Exercise material START
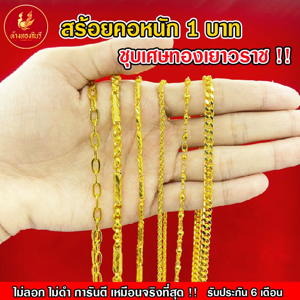 Kinnaree สร้อยคอ 1 บาท ชุบเศษทองเยาวราช เหมือนแท้ 100% ไม่ลอก ไม่ดำ รับประกัน 6 เดือน สร้อยทอง สร้อยคอทอง ทองปลอม
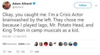 On the other hand, Adam Alhanti did tweet, “OK, you caught me. I’m a crisis actor brainwashed by the left. They chose me because I played Iago, Mr. Potato Head and King Triton in camp musicals as a kid.”
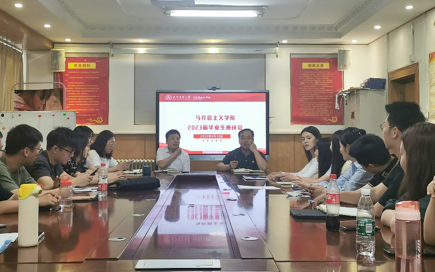 6月15日,马克思主义学院举办毕业生座谈会,学院党委书记刘振强、副院长安晋军、辅导员张晶,与2023届全体毕业生相聚一堂,共叙师生情谊。
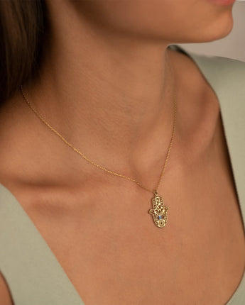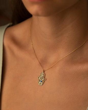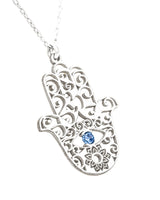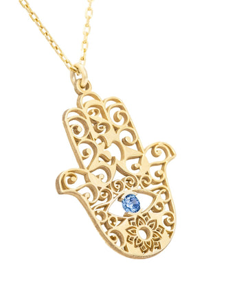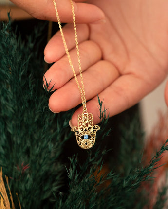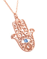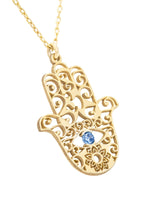 14K Solid Gold Hand of Fatima With Birthstones Necklace
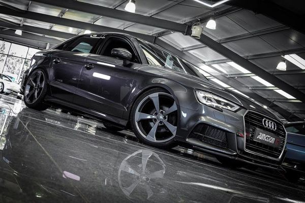 *CLICK - BUY - COLLECT* FINANCE AVAILABLE! HPI CLEAR! Junction 17 Cars now have to offer a stunning Audi A3 1.5 TFSI CoD S line S Tronic Euro 6 (s/s) 4dr.. Audi Main Dealer Service History.. Finished in Daytona Grey Pearl.. Full Exterior Styling Lip Kit.. Quad Exhaust System.. Lowering Springs.. Upgraded 19'' Alloys.. Navigation.. Rear Parking Sensors.. Audi Smartphone Interface.. and more.*ANY THIRD PARTY VEHICLE INSPECTIONS ARE WELCOME* *WE WILL BEAT ANY CAR VALUATION SITE FOR YOUR PART EXCHANGE* Junction 17 Cars (Runner Up at the Motor Trader Independent Dealer Awards 2019 nominated for Car Supermarket of the Year Award) is a unique family run business with over £7 millions worth of stock currently split over our purpose-built showroom in Yaxley, Peterborough and our new showrooms in Grantham and Rugby. Our vehicles can also be reserved with a £99 refundable holding deposit to ensure that they are professionally prepared/valeted for your viewing pleasure. Competitive HP and PCP packages are available with decision/approval available within 15 minutes. We also offer comprehensive warranties over a variety of different terms as well as Williams Ceramic Coating, Flexfuel Engine Carbon Cleaning and more. **NATIONWIDE DELIVERY AVAILABLE** Payment : maximum £500 card payment balance by bank transfer-LIP KIT, EXHAUST SYSTEM-CAN BE MOVED TO GRANTHAM /PETERBOROUGH !! max £500card payment balance by bank transfer
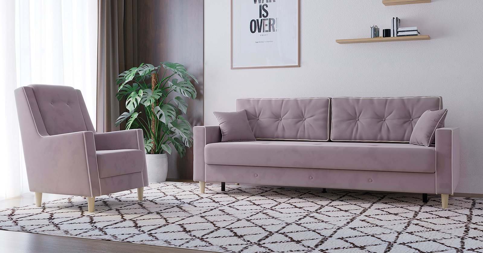 Диван-кровать «Айрин» ТД 322 Велутто 11 пепел розы/Мазератти 02 сливочный
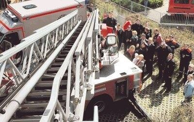 Bild 1: Im April 2008 wurde die neue Drehleiter an die Floriansjünger übergeben. Sie kam im vergangenen Jahr mehrfach zum Einsatz. Die erste Bewährungsprobe musste sie im Juni in Stetten bestehen.Fotos: Gerhard Dubinyi
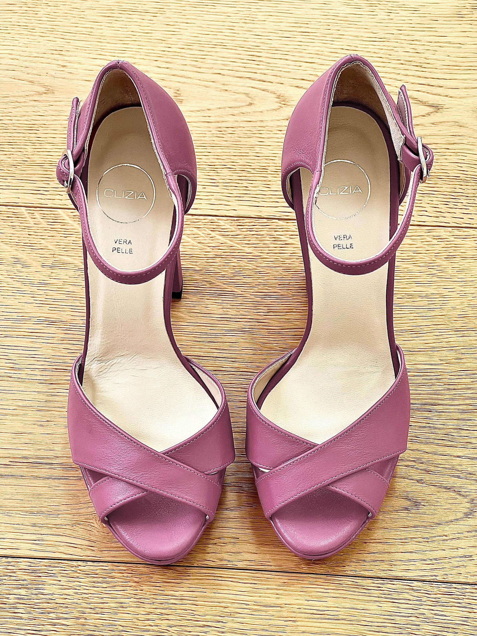 Sandalen mit gekreuzten Riemen und breitem Absatz.
Exercise material END
— Problem to work on —
Repeat the data exactly in full, omitting its pictures.

— Response below —
 Kinnaree สร้อยคอ 1 บาท ชุบเศษทองเยาวราช เหมือนแท้ 100% ไม่ลอก ไม่ดำ รับประกัน 6 เดือน สร้อยทอง สร้อยคอทอง ทองปลอม
 On the other hand, Adam Alhanti did tweet, “OK, you caught me. I’m a crisis actor brainwashed by the left. They chose me because I played Iago, Mr. Potato Head and King Triton in camp musicals as a kid.”
 6月15日,马克思主义学院举办毕业生座谈会,学院党委书记刘振强、副院长安晋军、辅导员张晶,与2023届全体毕业生相聚一堂,共叙师生情谊。
 14K Solid Gold Hand of Fatima With Birthstones Necklace
 *CLICK - BUY - COLLECT* FINANCE AVAILABLE! HPI CLEAR! Junction 17 Cars now have to offer a stunning Audi A3 1.5 TFSI CoD S line S Tronic Euro 6 (s/s) 4dr.. Audi Main Dealer Service History.. Finished in Daytona Grey Pearl.. Full Exterior Styling Lip Kit.. Quad Exhaust System.. Lowering Springs.. Upgraded 19'' Alloys.. Navigation.. Rear Parking Sensors.. Audi Smartphone Interface.. and more.*ANY THIRD PARTY VEHICLE INSPECTIONS ARE WELCOME* *WE WILL BEAT ANY CAR VALUATION SITE FOR YOUR PART EXCHANGE* Junction 17 Cars (Runner Up at the Motor Trader Independent Dealer Awards 2019 nominated for Car Supermarket of the Year Award) is a unique family run business with over £7 millions worth of stock currently split over our purpose-built showroom in Yaxley, Peterborough and our new showrooms in Grantham and Rugby. Our vehicles can also be reserved with a £99 refundable holding deposit to ensure that they are professionally prepared/valeted for your viewing pleasure. Competitive HP and PCP packages are available with decision/approval available within 15 minutes. We also offer comprehensive warranties over a variety of different terms as well as Williams Ceramic Coating, Flexfuel Engine Carbon Cleaning and more. **NATIONWIDE DELIVERY AVAILABLE** Payment : maximum £500 card payment balance by bank transfer-LIP KIT, EXHAUST SYSTEM-CAN BE MOVED TO GRANTHAM /PETERBOROUGH !! max £500card payment balance by bank transfer
 Диван-кровать «Айрин» ТД 322 Велутто 11 пепел розы/Мазератти 02 сливочный
 Bild 1: Im April 2008 wurde die neue Drehleiter an die Floriansjünger übergeben. Sie kam im vergangenen Jahr mehrfach zum Einsatz. Die erste Bewährungsprobe musste sie im Juni in Stetten bestehen.Fotos: Gerhard Dubinyi
 Sandalen mit gekreuzten Riemen und breitem Absatz.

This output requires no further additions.